The BATHS led to a short perpendicular hallway with four small rooms, each containing a wooden washtub and some pegs, presumably for hanging clothes up on. They each had small trapdoor-like sections in the middle of the floor which could be easily lifted out, and they all seemed to open into the same deep unpleasant-smelling trench below. Half-burnt candles waited here in candle-holders just inside of each bath-room next to the doors, just as they did in the chandeliers. One room's washtub had rotted and fallen apart, but the others were whole, not that anyone was likely to try bathing here no matter how much they needed it.

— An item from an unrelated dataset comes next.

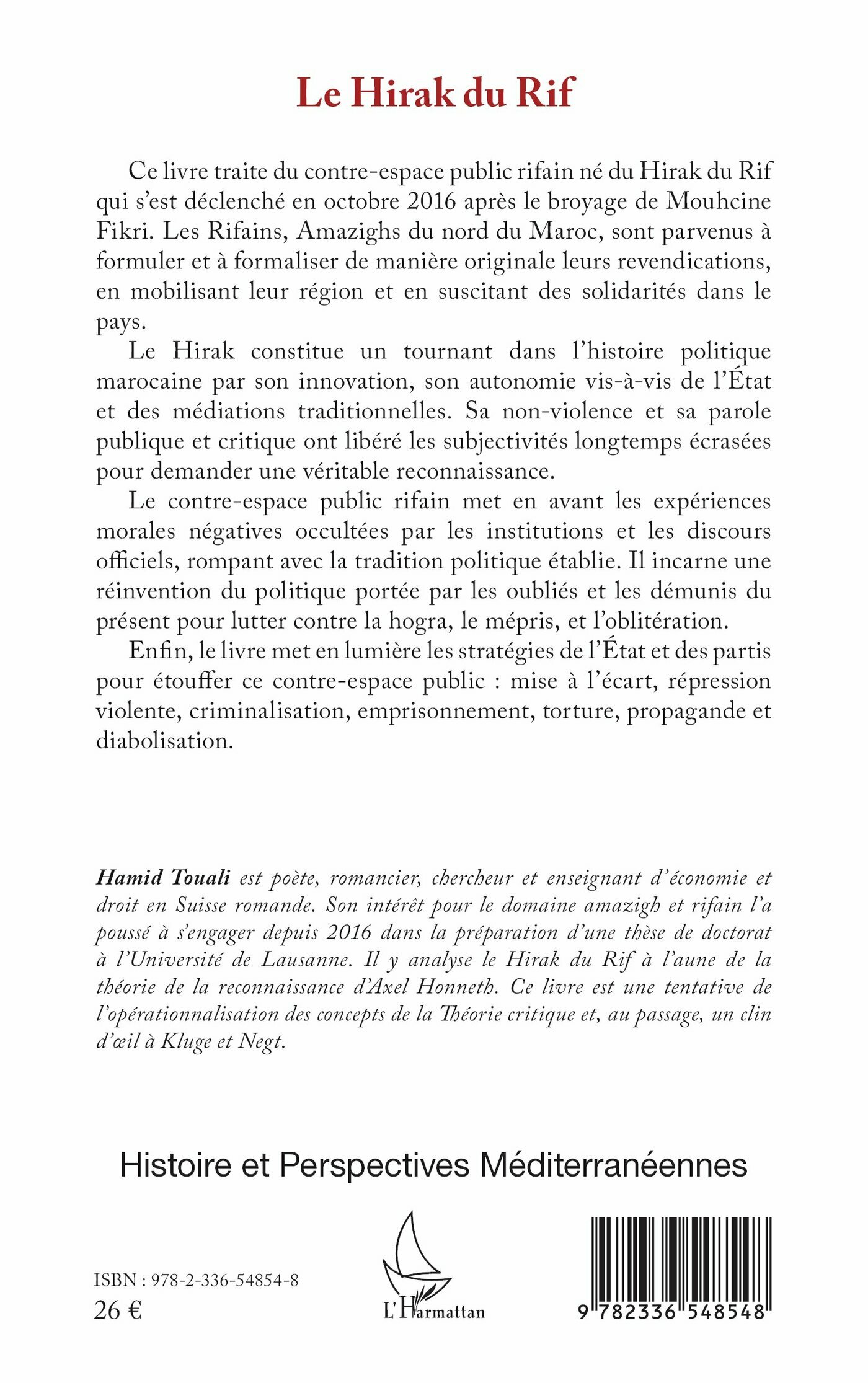 Ce livre traite du contre-espace public rifain né du Hirak du Rif qui s’est déclenché en octobre 2016 après le broyage de Mouhcine Fikri. Les Rifains, Amazighs du nord du Maroc, sont parvenus à formuler et à formaliser de manière originale leurs revendications, en mobilisant leur région et en suscitant des solidarités dans le pays.

That left only the upstairs to investigate. Al put a hesitant foot down on the first step, which squished and fell apart when he tried to put his weight on it. Wikwocket quickly stabbed BiteySue into the step fearing or hoping that the unnatural motion meant that it had been made of disguised monster flesh rather than rotten wood, and yet again felt disappointed.

"There's no way we can get up and down those steps," Al reported,"It doesn't look like the weather getting in through the hole in the roof has been kind to them."

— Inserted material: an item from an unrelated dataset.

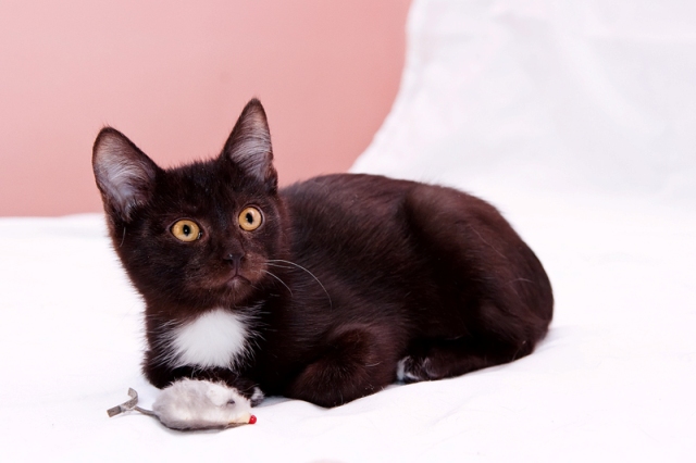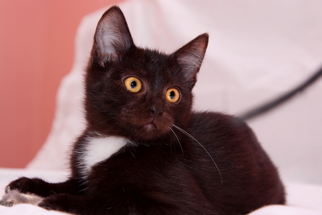 Гладкошёрстный. Возраст около 3-х месяцев. Очень нарядный окрас - чёрный с беленькой манишкой. Котёнок приучен к лотку. Очень умненький.

"You gigantic monsters might not be able to, but I can! I'll go check it out for you," Wikwocket boasted, and carefully, lightly, she started up the stairs. Some of the steps were so rotted from being below the leaking roof that they squished under even Wikwocket's light feet, but none of them broke entirely. She made it about halfway up when the light rustling sound came down from above. Wikwocket leapt and spun to land two steps higher as the light bundle of bright green ferns touched down on the step she'd been on. More soft sounds of something light falling through the air above her made her change her mind about going upstairs.

"Nope!" she yelled, drawing her dagger to defend herself as she dodged and weaved away from the newly-falling ferns and past the one on the steps below her. Twisting away and slashing at the reaching fronds with her dagger, she was able to get back down to the ground level with all of her blood still inside of her skin. She panted and glared angrily at the cluster of ferns now waiting on the steps. They had reached for her when she ran - the lowest one had even dragged itself one step down as if to chase after her. Now, they'd stopped and sat in place, fronds gently waving as if in a breeze. Gruntle leaned in from outside to make sure everyone was unhurt - or, Al reconsidered, probably just to make sure he wasn't missing out on any violence - then huffed and went back out to guard Haunch again.

"Well, aren't you coming after me?" Wikwocket demanded of the ferns after a while, but they didn't appear to hear her. One after another, they very slowly pulled themselves towards the nearest wall, and began to drag themselves up it. They inched towards what remained of the light of the setting sun coming through the broken roof upstairs.

"I know, I know," Al answered Wikwocket's accusing glare, "Fire. I'm working on it. Maybe we should go check the stable building before the sunlight's completely gone, then we can figure out what we're going to do for the night."